Post by keita on Jun 7, 2009 10:39:28 GMT -5
Who Can Find A Virtuous Husband?[/i]
Pastor Renita Weems
www.somethingwithin.com/blog/?p=53[/b]
If only King Solomon had had the courage and good sense to marry the Queen of Sheba. If only he’d convinced the fascinating queen from the south to remain in Jerusalem as his wife.
If only the Queen of Sheba had let herself be convinced that King Solomon could change and be faithful to one woman. If only the queen could trust Solomon to not try to change her into becoming a conventional wife when she had come to him as a queen.
What a marriage between King Solomon and the Queen of Sheba might have been! A marriage in the Bible of a man and a woman who were equals. He was one of the wealthiest, wisest, most well known kings in the land. She was one of the wealthiest, well-traveled, intelligent queens from the south. What a model King Solomon and Queen of Sheba might have left us.

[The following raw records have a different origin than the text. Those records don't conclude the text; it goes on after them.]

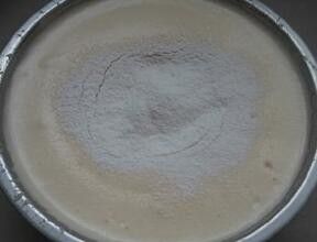 将鸡蛋打散后把蛋盆移至装有温水的大盆中继续打发
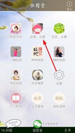 1、打开抠图宝应用,点击动画、头像进入制作界面。
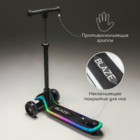 Светящийся трехколесный самокат AmaroBaby Blaze превратит обычную детскую прогулку в настоящий спектр позитивных эмоций! Детский трёхколёсный самокат подходит в качестве первого самоката для ребёнка. Кикборд изготовлен из качественных материалов и не имеет запаха. Выдерживает максимальную нагрузку 50 кг. Дека и рулевая стойка имеют встроенную подсветку из 20 режимов! Питание от трех батареек АА 1,5V (в комплект не входят). Переключаются режимы с помощью кнопки управления, расположенной на руле. Рулевая стойка наклоняется в нужную ребёнку сторону, что даёт возможность уверенно держаться в поворотах, сохранять равновесие. Высота руля регулируется по высоте от 64 до 80 см. Бесшумные полиуретановые колеса светятся во время езды. Диаметр передних колёс составляет 12 см, заднего 8 см. Торможение осуществляется с помощью ножного тормоза, который расположен на заднем колесе. Ребёнку будет удобно стоять на самокате благодаря комфортной длине деки 41 см, и ширине 13,5 см. На деке самоката предусмотрен специальный рельеф, чтобы ножка ребёнка не скользила. Подшипники ABEC-7 обеспечивает плавный ход самокату. Самокат отлично подойдёт в качестве подарка на День Рождения, Новый год, 8 марта. Порадуйте своего ребёнка стильным светящимся самокатом!
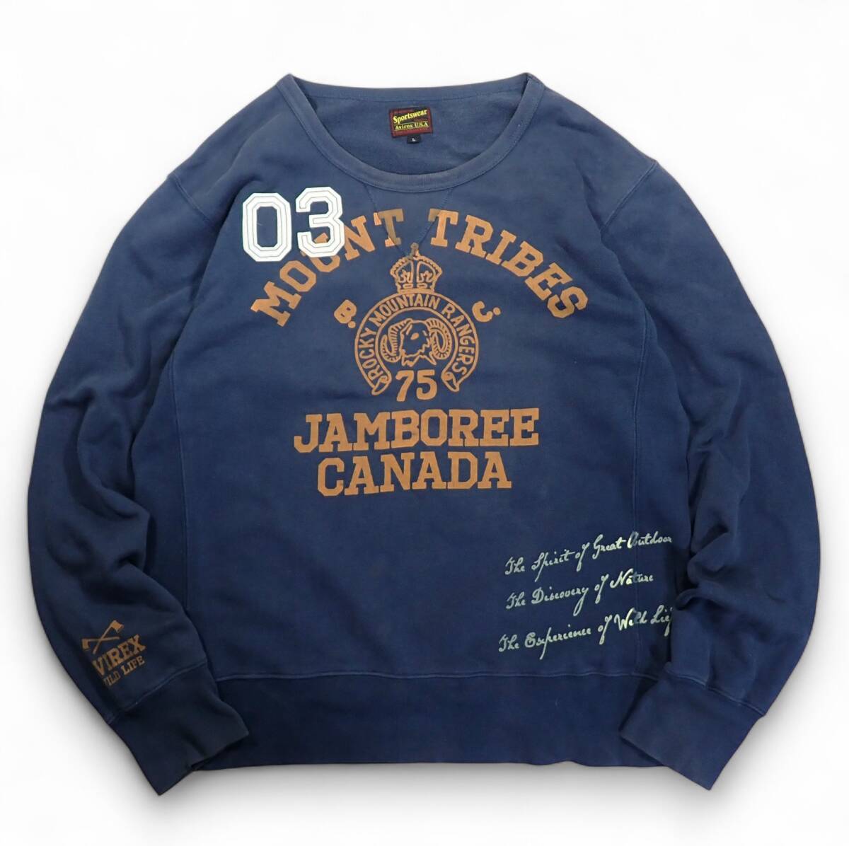 > 7107/Avirex U.S.A スウェット トレーナーL●くすみネイビー プリント ワッペンROCKEY MOUNTAIN RANGERS AVIREX上野商会●洗濯プレス済古着
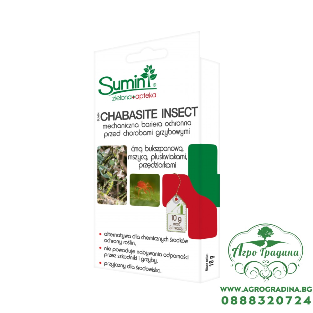 Онлайн магазин agrogradina.bg предлага биопрепарат с шабазит,за контрол над насекомите по растенията- Sumin CHABASITE INSECT.
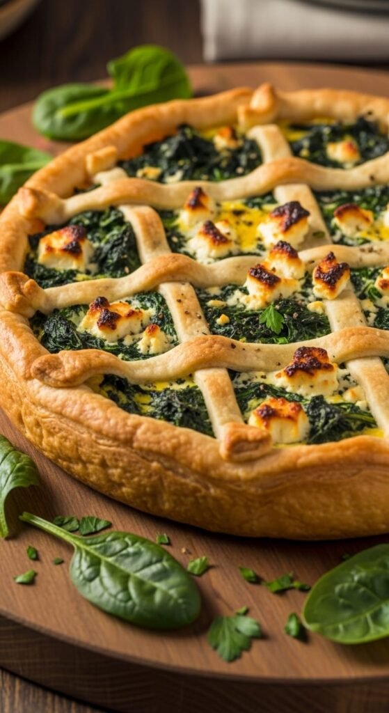 - Roll out the puff pastry and fit it into a tart pan. Whisk eggs, then mix in spinach, feta, salt, and pepper. Pour into the crust.
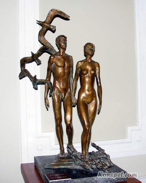 Скульптура называется не «Абсолютно голые мужчина и женщина куда-то идут», а более красиво: «Море, чайки, волны» — как-то так…
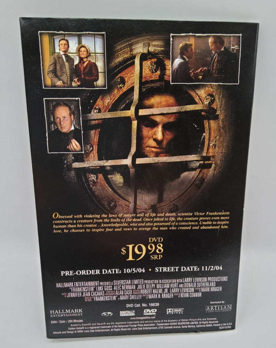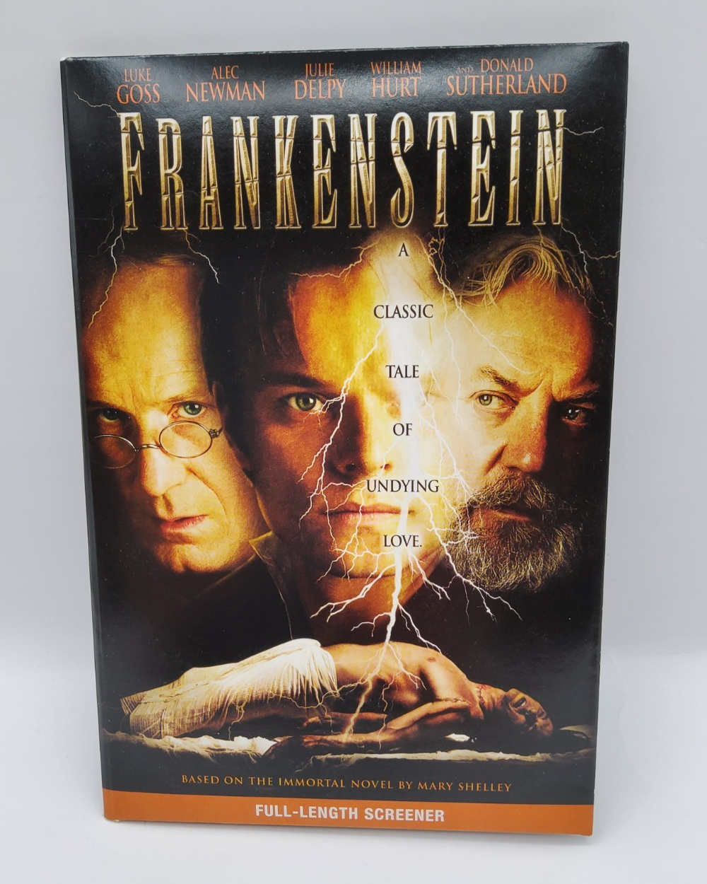 Unleash the power of classic horror with this exclusive 2004 Full-Length Screener DVD of Frankenstein, based on Mary Shelley?s immortal novel. Produced by Hallmark Entertainment and starring an all-star cast ? Donald Sutherland, William Hurt, Julie Delpy, Luke Goss, and Alec Newman ? this grand television adaptation captures the heart and tragedy of one of the greatest stories ever told.

Alas, it was not to be....
...This is about marriage between equals. Two lawyers. Two doctors. Two thinking people, period. Two people who want both to combine marriage and family with meaningful careers and vocations. Everyone seems to think it’s impossible for strong, intelligent women to marry and be happy? Why must one partner (always the woman) take a back seat in the marriage for the marriage to work?
Here we are centuries later, King Solomon and the Queen of Sheba, still scrambling to make marriages between equals work. Worst yet, here we are centuries later, and our men (most of them, anyway) are still insecure about marrying women whose wealth, fame, educational background outstrip their own. Ah, if only…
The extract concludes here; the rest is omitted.